■ **What this task involves**:
Output, verbatim and without pictures, the lines from the first line of the listing through the line containing "Набор стикеров Человек-Бензопила".

■ **Excerpted data**:

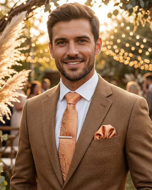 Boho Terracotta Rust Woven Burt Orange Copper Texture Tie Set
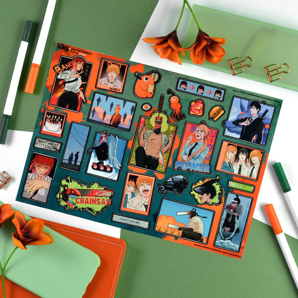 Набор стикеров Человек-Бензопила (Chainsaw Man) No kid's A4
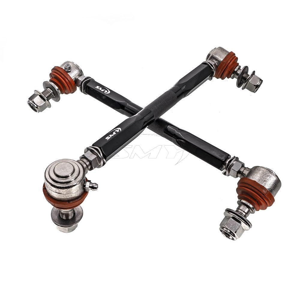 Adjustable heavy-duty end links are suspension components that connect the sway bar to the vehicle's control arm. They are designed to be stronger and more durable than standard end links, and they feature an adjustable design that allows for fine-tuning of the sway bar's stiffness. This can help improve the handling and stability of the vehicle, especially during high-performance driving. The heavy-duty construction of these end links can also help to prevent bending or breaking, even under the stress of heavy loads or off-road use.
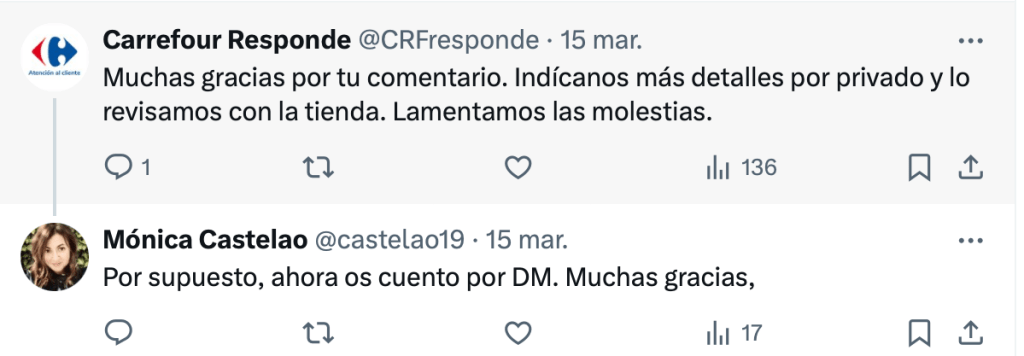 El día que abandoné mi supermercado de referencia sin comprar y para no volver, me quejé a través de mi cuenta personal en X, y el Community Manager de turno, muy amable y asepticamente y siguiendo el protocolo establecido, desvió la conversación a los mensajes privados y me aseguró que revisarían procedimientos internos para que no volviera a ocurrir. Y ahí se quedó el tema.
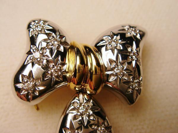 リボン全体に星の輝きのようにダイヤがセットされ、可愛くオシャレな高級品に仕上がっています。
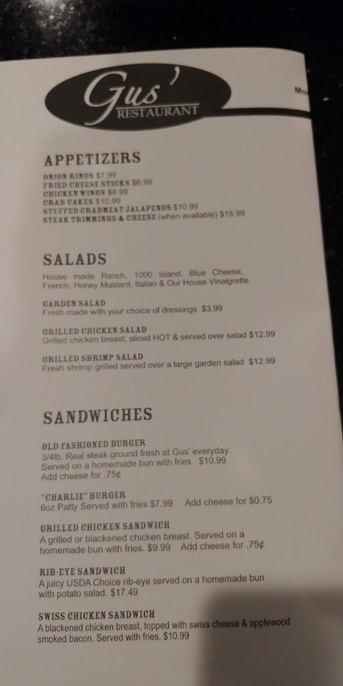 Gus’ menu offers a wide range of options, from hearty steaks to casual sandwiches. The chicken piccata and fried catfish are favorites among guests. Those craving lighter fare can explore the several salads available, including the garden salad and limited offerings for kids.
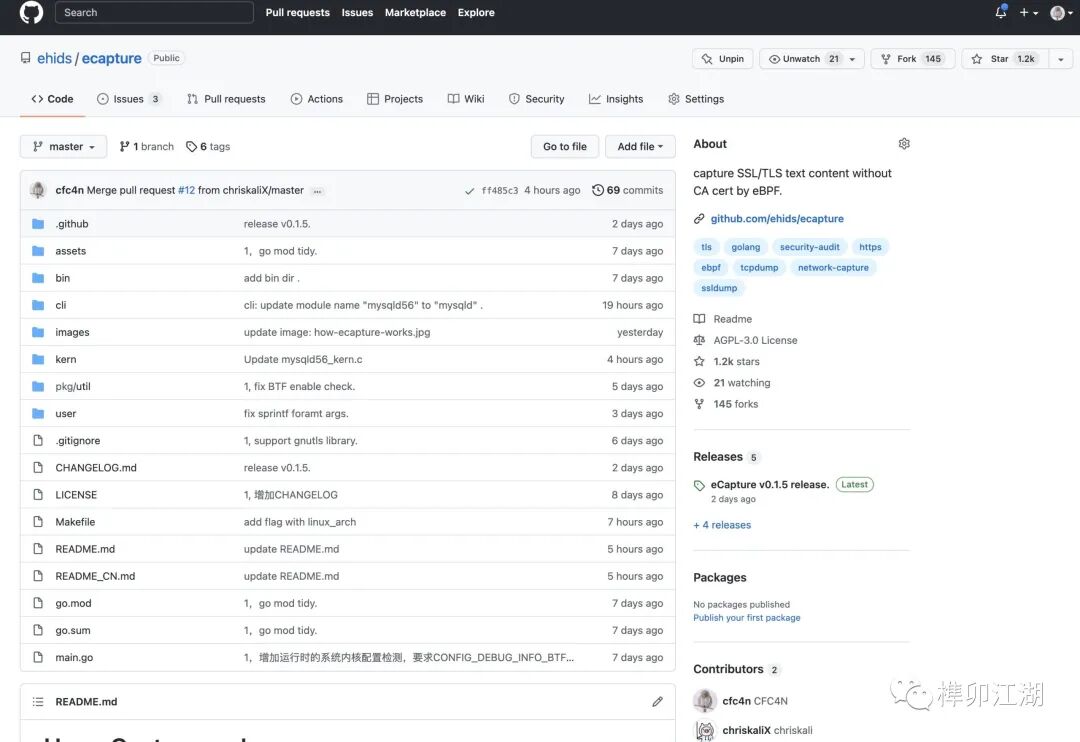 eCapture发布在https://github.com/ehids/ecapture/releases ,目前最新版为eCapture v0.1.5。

■ **Solution to this exercise**:
 Boho Terracotta Rust Woven Burt Orange Copper Texture Tie Set
 Набор стикеров Человек-Бензопила (Chainsaw Man) No kid's A4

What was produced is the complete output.